- DATASET EXCERPT
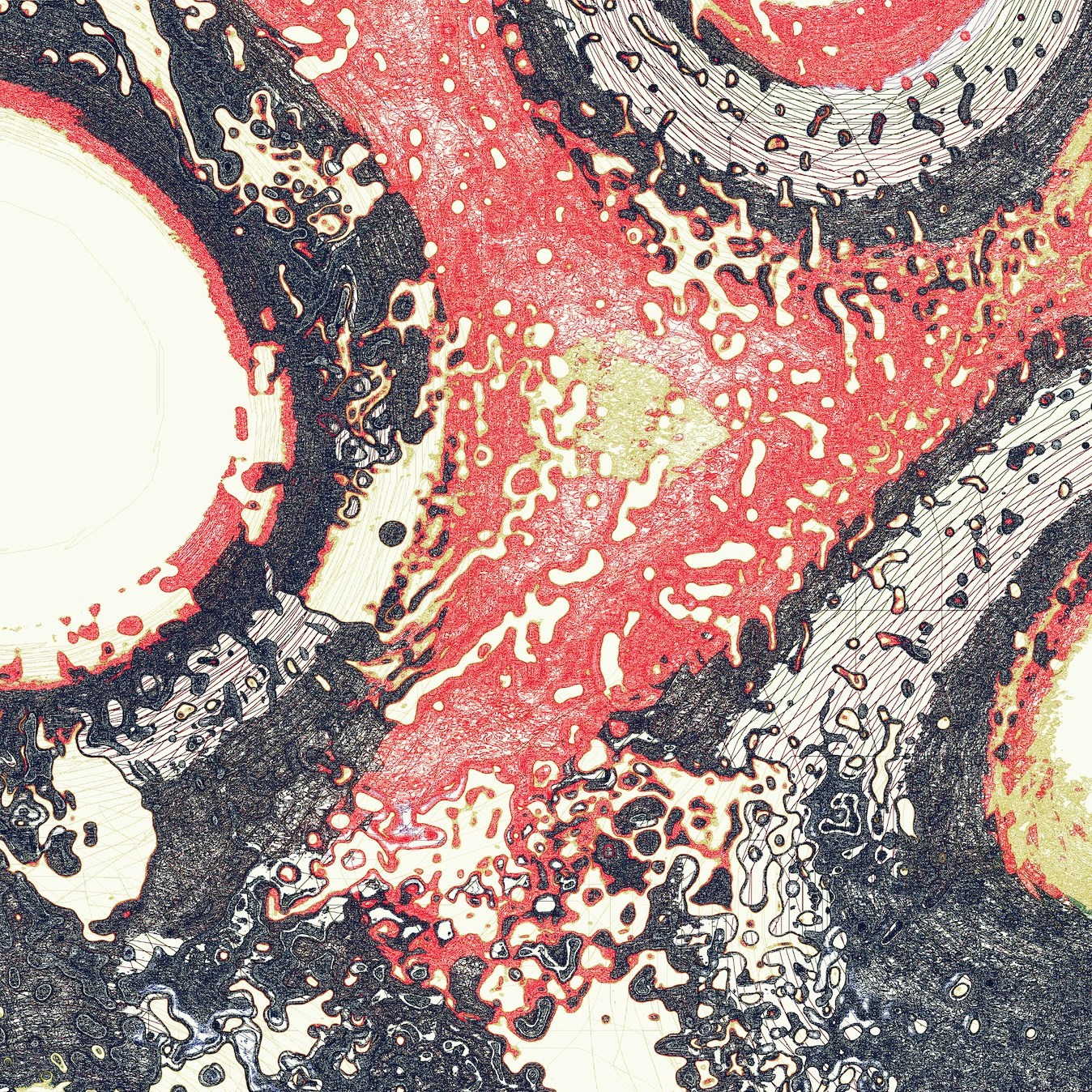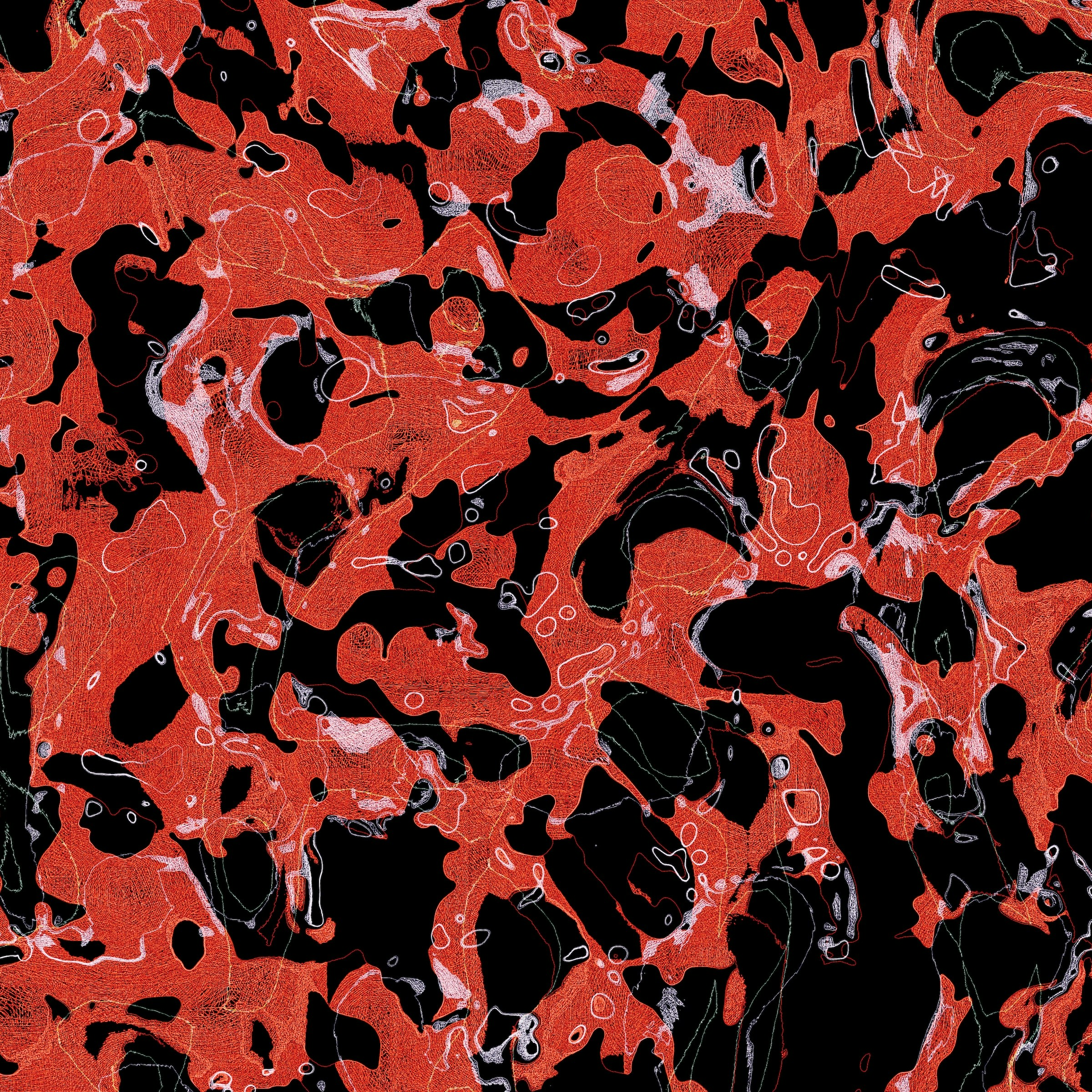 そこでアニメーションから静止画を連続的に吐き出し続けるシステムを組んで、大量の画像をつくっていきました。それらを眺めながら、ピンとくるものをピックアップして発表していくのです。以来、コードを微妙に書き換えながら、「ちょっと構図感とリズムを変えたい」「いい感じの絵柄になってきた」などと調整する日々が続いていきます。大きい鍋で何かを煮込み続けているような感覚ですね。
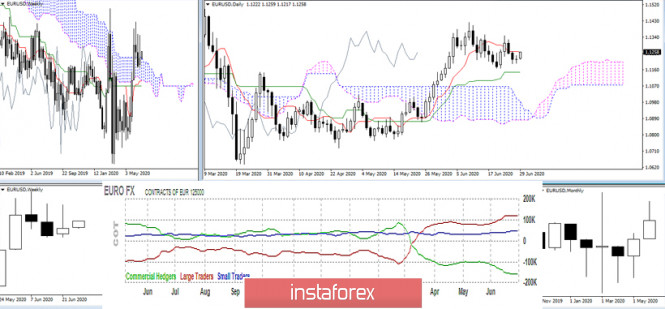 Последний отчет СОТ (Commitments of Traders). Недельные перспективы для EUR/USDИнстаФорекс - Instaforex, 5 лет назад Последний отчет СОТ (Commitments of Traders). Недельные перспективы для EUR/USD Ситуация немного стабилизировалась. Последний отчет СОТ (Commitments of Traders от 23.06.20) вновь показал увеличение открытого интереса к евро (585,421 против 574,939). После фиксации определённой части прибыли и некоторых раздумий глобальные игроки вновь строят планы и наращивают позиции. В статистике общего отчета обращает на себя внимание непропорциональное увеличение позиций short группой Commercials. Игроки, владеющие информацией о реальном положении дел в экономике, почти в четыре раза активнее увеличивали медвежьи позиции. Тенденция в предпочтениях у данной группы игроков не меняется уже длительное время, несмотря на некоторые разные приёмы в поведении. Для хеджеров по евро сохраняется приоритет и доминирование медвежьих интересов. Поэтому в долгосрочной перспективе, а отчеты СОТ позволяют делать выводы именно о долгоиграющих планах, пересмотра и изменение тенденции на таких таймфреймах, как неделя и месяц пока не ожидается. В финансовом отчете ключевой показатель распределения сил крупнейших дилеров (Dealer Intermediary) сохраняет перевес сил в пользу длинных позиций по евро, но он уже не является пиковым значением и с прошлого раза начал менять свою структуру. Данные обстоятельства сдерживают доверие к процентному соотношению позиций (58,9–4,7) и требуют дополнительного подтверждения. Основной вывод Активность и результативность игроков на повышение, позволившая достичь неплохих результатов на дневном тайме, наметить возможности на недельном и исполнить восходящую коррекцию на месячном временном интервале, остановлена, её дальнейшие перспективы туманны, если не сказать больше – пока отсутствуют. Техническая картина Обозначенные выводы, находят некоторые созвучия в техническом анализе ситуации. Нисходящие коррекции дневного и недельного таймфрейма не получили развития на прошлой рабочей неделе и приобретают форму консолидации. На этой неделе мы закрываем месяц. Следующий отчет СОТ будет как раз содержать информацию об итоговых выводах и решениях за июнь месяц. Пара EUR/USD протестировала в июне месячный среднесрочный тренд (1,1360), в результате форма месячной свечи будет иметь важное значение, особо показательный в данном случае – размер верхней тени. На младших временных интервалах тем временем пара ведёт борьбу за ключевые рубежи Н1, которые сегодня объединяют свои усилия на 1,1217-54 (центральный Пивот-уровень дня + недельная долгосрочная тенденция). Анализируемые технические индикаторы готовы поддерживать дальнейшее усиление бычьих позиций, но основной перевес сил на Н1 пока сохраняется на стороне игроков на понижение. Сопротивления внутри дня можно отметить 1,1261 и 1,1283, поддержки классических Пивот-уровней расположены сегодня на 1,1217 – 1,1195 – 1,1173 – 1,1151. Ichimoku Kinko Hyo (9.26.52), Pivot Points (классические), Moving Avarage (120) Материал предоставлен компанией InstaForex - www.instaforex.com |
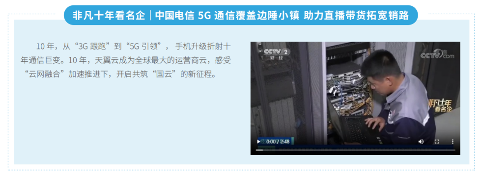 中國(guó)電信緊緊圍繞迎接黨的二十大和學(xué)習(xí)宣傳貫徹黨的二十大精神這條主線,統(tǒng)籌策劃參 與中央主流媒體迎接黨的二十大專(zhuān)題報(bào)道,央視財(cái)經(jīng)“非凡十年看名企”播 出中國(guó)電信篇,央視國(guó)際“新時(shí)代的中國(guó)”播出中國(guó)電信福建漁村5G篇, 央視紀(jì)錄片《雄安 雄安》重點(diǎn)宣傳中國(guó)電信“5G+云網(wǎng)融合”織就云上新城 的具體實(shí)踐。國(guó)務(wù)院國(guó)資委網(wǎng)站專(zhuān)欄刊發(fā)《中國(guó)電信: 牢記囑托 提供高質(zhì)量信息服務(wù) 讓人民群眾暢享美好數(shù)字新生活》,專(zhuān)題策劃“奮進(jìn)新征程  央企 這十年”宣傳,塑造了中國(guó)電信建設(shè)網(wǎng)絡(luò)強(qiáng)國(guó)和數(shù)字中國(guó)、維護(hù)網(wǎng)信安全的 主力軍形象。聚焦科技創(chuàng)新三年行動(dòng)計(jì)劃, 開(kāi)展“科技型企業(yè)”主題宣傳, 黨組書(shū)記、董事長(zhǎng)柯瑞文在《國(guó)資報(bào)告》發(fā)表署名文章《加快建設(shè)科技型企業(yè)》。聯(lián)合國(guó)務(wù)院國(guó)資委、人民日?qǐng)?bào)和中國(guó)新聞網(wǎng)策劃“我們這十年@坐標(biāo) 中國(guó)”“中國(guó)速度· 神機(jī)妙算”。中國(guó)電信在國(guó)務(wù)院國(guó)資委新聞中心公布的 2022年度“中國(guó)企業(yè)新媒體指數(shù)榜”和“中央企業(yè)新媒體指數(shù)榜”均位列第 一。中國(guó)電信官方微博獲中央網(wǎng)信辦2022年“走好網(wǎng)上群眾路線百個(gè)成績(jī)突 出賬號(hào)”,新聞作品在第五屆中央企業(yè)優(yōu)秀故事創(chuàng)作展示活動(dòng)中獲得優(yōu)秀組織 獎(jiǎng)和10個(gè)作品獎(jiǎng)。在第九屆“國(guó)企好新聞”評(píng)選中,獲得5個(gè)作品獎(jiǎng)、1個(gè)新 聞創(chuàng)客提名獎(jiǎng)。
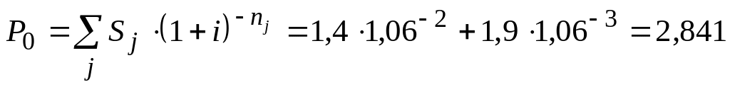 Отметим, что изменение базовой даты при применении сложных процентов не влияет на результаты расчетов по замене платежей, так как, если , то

- HOW TO COMPLETE THIS TASK
Give back the whole listing exactly as written. Do not include any picture.

- THE ANSWER
 そこでアニメーションから静止画を連続的に吐き出し続けるシステムを組んで、大量の画像をつくっていきました。それらを眺めながら、ピンとくるものをピックアップして発表していくのです。以来、コードを微妙に書き換えながら、「ちょっと構図感とリズムを変えたい」「いい感じの絵柄になってきた」などと調整する日々が続いていきます。大きい鍋で何かを煮込み続けているような感覚ですね。
 Последний отчет СОТ (Commitments of Traders). Недельные перспективы для EUR/USDИнстаФорекс - Instaforex, 5 лет назад Последний отчет СОТ (Commitments of Traders). Недельные перспективы для EUR/USD Ситуация немного стабилизировалась. Последний отчет СОТ (Commitments of Traders от 23.06.20) вновь показал увеличение открытого интереса к евро (585,421 против 574,939). После фиксации определённой части прибыли и некоторых раздумий глобальные игроки вновь строят планы и наращивают позиции. В статистике общего отчета обращает на себя внимание непропорциональное увеличение позиций short группой Commercials. Игроки, владеющие информацией о реальном положении дел в экономике, почти в четыре раза активнее увеличивали медвежьи позиции. Тенденция в предпочтениях у данной группы игроков не меняется уже длительное время, несмотря на некоторые разные приёмы в поведении. Для хеджеров по евро сохраняется приоритет и доминирование медвежьих интересов. Поэтому в долгосрочной перспективе, а отчеты СОТ позволяют делать выводы именно о долгоиграющих планах, пересмотра и изменение тенденции на таких таймфреймах, как неделя и месяц пока не ожидается. В финансовом отчете ключевой показатель распределения сил крупнейших дилеров (Dealer Intermediary) сохраняет перевес сил в пользу длинных позиций по евро, но он уже не является пиковым значением и с прошлого раза начал менять свою структуру. Данные обстоятельства сдерживают доверие к процентному соотношению позиций (58,9–4,7) и требуют дополнительного подтверждения. Основной вывод Активность и результативность игроков на повышение, позволившая достичь неплохих результатов на дневном тайме, наметить возможности на недельном и исполнить восходящую коррекцию на месячном временном интервале, остановлена, её дальнейшие перспективы туманны, если не сказать больше – пока отсутствуют. Техническая картина Обозначенные выводы, находят некоторые созвучия в техническом анализе ситуации. Нисходящие коррекции дневного и недельного таймфрейма не получили развития на прошлой рабочей неделе и приобретают форму консолидации. На этой неделе мы закрываем месяц. Следующий отчет СОТ будет как раз содержать информацию об итоговых выводах и решениях за июнь месяц. Пара EUR/USD протестировала в июне месячный среднесрочный тренд (1,1360), в результате форма месячной свечи будет иметь важное значение, особо показательный в данном случае – размер верхней тени. На младших временных интервалах тем временем пара ведёт борьбу за ключевые рубежи Н1, которые сегодня объединяют свои усилия на 1,1217-54 (центральный Пивот-уровень дня + недельная долгосрочная тенденция). Анализируемые технические индикаторы готовы поддерживать дальнейшее усиление бычьих позиций, но основной перевес сил на Н1 пока сохраняется на стороне игроков на понижение. Сопротивления внутри дня можно отметить 1,1261 и 1,1283, поддержки классических Пивот-уровней расположены сегодня на 1,1217 – 1,1195 – 1,1173 – 1,1151. Ichimoku Kinko Hyo (9.26.52), Pivot Points (классические), Moving Avarage (120) Материал предоставлен компанией InstaForex - www.instaforex.com |
 中國(guó)電信緊緊圍繞迎接黨的二十大和學(xué)習(xí)宣傳貫徹黨的二十大精神這條主線,統(tǒng)籌策劃參 與中央主流媒體迎接黨的二十大專(zhuān)題報(bào)道,央視財(cái)經(jīng)“非凡十年看名企”播 出中國(guó)電信篇,央視國(guó)際“新時(shí)代的中國(guó)”播出中國(guó)電信福建漁村5G篇, 央視紀(jì)錄片《雄安 雄安》重點(diǎn)宣傳中國(guó)電信“5G+云網(wǎng)融合”織就云上新城 的具體實(shí)踐。國(guó)務(wù)院國(guó)資委網(wǎng)站專(zhuān)欄刊發(fā)《中國(guó)電信: 牢記囑托 提供高質(zhì)量信息服務(wù) 讓人民群眾暢享美好數(shù)字新生活》,專(zhuān)題策劃“奮進(jìn)新征程  央企 這十年”宣傳,塑造了中國(guó)電信建設(shè)網(wǎng)絡(luò)強(qiáng)國(guó)和數(shù)字中國(guó)、維護(hù)網(wǎng)信安全的 主力軍形象。聚焦科技創(chuàng)新三年行動(dòng)計(jì)劃, 開(kāi)展“科技型企業(yè)”主題宣傳, 黨組書(shū)記、董事長(zhǎng)柯瑞文在《國(guó)資報(bào)告》發(fā)表署名文章《加快建設(shè)科技型企業(yè)》。聯(lián)合國(guó)務(wù)院國(guó)資委、人民日?qǐng)?bào)和中國(guó)新聞網(wǎng)策劃“我們這十年@坐標(biāo) 中國(guó)”“中國(guó)速度· 神機(jī)妙算”。中國(guó)電信在國(guó)務(wù)院國(guó)資委新聞中心公布的 2022年度“中國(guó)企業(yè)新媒體指數(shù)榜”和“中央企業(yè)新媒體指數(shù)榜”均位列第 一。中國(guó)電信官方微博獲中央網(wǎng)信辦2022年“走好網(wǎng)上群眾路線百個(gè)成績(jī)突 出賬號(hào)”,新聞作品在第五屆中央企業(yè)優(yōu)秀故事創(chuàng)作展示活動(dòng)中獲得優(yōu)秀組織 獎(jiǎng)和10個(gè)作品獎(jiǎng)。在第九屆“國(guó)企好新聞”評(píng)選中,獲得5個(gè)作品獎(jiǎng)、1個(gè)新 聞創(chuàng)客提名獎(jiǎng)。
 Отметим, что изменение базовой даты при применении сложных процентов не влияет на результаты расчетов по замене платежей, так как, если , то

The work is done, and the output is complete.